At a more advanced stage, the child may begin to wonder and ask someone
about the matter. If an adult were to say that there are live people and
things in the box who show up every time we turn the TV on, the child might
simply say, "Oh!," and be quite satisfied. As far as she is concerned, the
matter has been explained.
Next consider the fact that an object that is hurled into the air always
falls back. This was once explained thus: Just as a child who goes away from
home eventually returns, objects moving away from earth's surface return to
the ground which is their home.
Finally, consider the boiling of water when sufficiently heated. To explain
this, we may be told that the effect of heat on any substance is to change
its state from solid to liquid, and from liquid to gas. This explanation may
also be satisfactory to many.
A mature person will regard the first example of explaining TV as
ridiculous, the second as unscientific, and the one about water as partly
acceptable. In all instances, whether or not the person seeking the
explanation is satisfied in what matters. If so satisfied, as far as that
person is concerned, an explanation has been found. Explanations are
satisfactory or not, rather than right or wrong. On final analysis,
explanation is creating the impression that one understands what gives rise
to an observed fact or event.
The question that now arises is: How can one be sure that the impression of
having understood a phenomenon is no more than an illusion? Let us go back
to the adult's answer to the child concerning the TV. We may not find that
explanation satisfactory at all, but the child does. This is because of two
different and interrelated factors. First, the child's mind is as yet not
developed enough to recognize the impossibility, not to say the absurdity,
of the explanation. This is due to the fact that she is not sufficiently
familiar with the world. Thus, two conditions are necessary in giving or
evaluating an explanation: intellectual maturity, and familiarity with the
complexity of the world.
Explanations often involve cause-effect connections. But when we trace the
cause of a phenomenon, we may inquire into the cause of that cause, and so
on and on. In the scientific search, such quests lead to fundamental laws
and principles. All scientific explanations are based on the discovery or
formulation of laws, principles, and invariances in terms of which
occurrences in the phenomenal world may be understood.
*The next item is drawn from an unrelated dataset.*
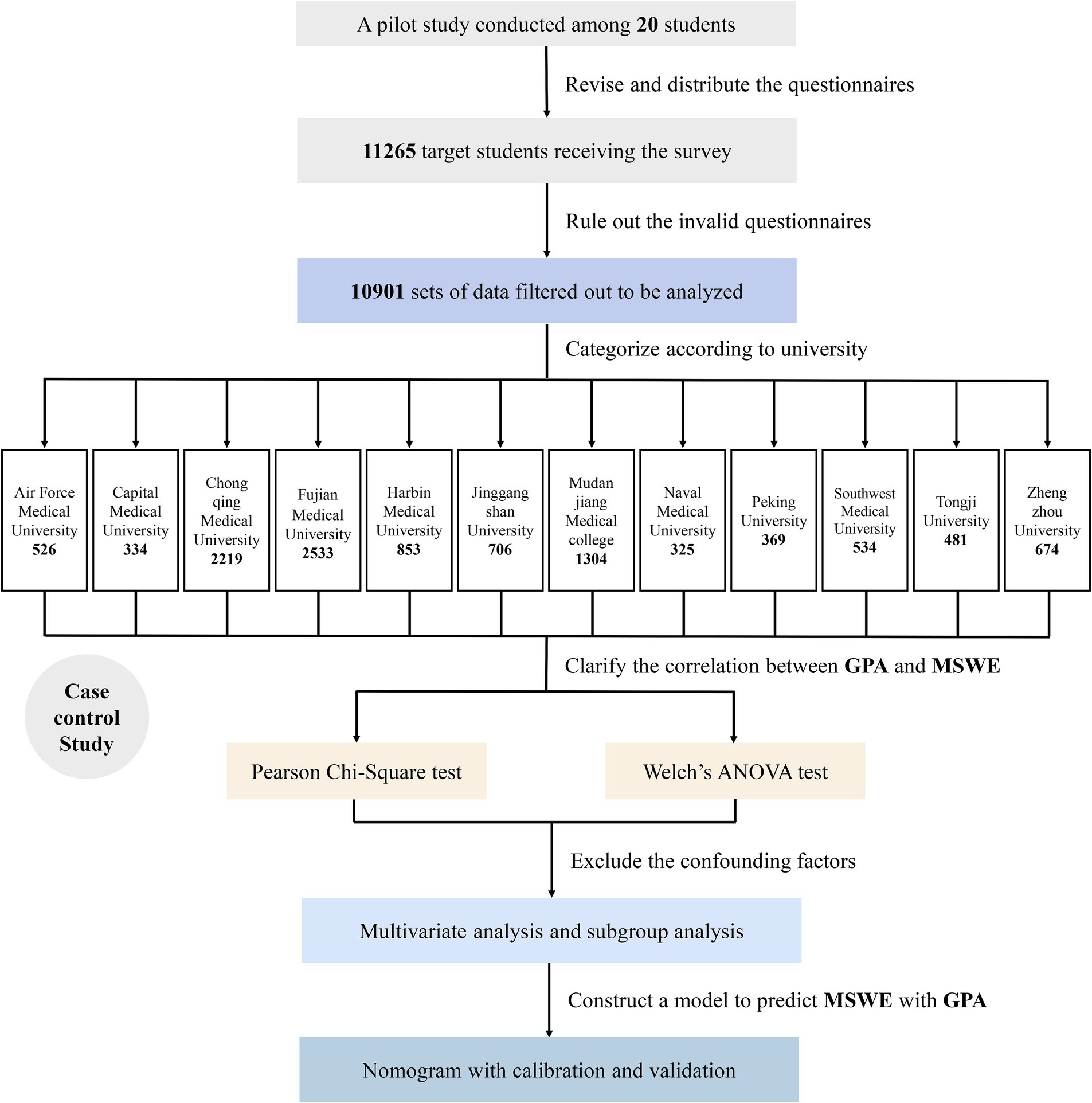 In our previous studies (15–20), we developed a comprehensive nomogram model to predict self-regulated learning (SRL) levels among Chinese medical undergraduates. Specifically, “GPA,” the abbreviation of grade point average, was demonstrated to be an independent predictor of SRL levels. Fundamental evidence has been established to show the close relationship between SRL levels and WE (21, 22). However, the relationship between GPA and MSWE has not yet been clearly elucidated (15). GPA is imperatively recognized as an overall measure of students’ performance and capability in terms of synthetic learning. Therefore, our study aimed to identify and clarify the significant association between GPA and MSWE. Meanwhile, we further analyzed the potential reasons behind our findings and proposed some practical strategies to ameliorate MSWE.
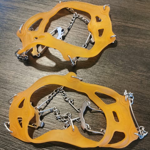 Broddene passer på alt fra fjellstøvler til joggesko på grunn av den særs tøyelige elastomerstrikken som trekkes rundt lesten på foten.

However, in this framework, one often needs to assume the existence of
entities and processes that are not directly perceptible. Such assumptions
are implicit or explicit in the realm of scientific explanations, and are
part of scientific theories. Scientific explanations invariably involve
abstract concepts, logical connections, and invisible things. This is not
surprising, because explanation is the uncovering of order and logical
consistency through the mind's eye. The mind manipulates, not things and
stuff, but ideas and relations, concepts and consistencies.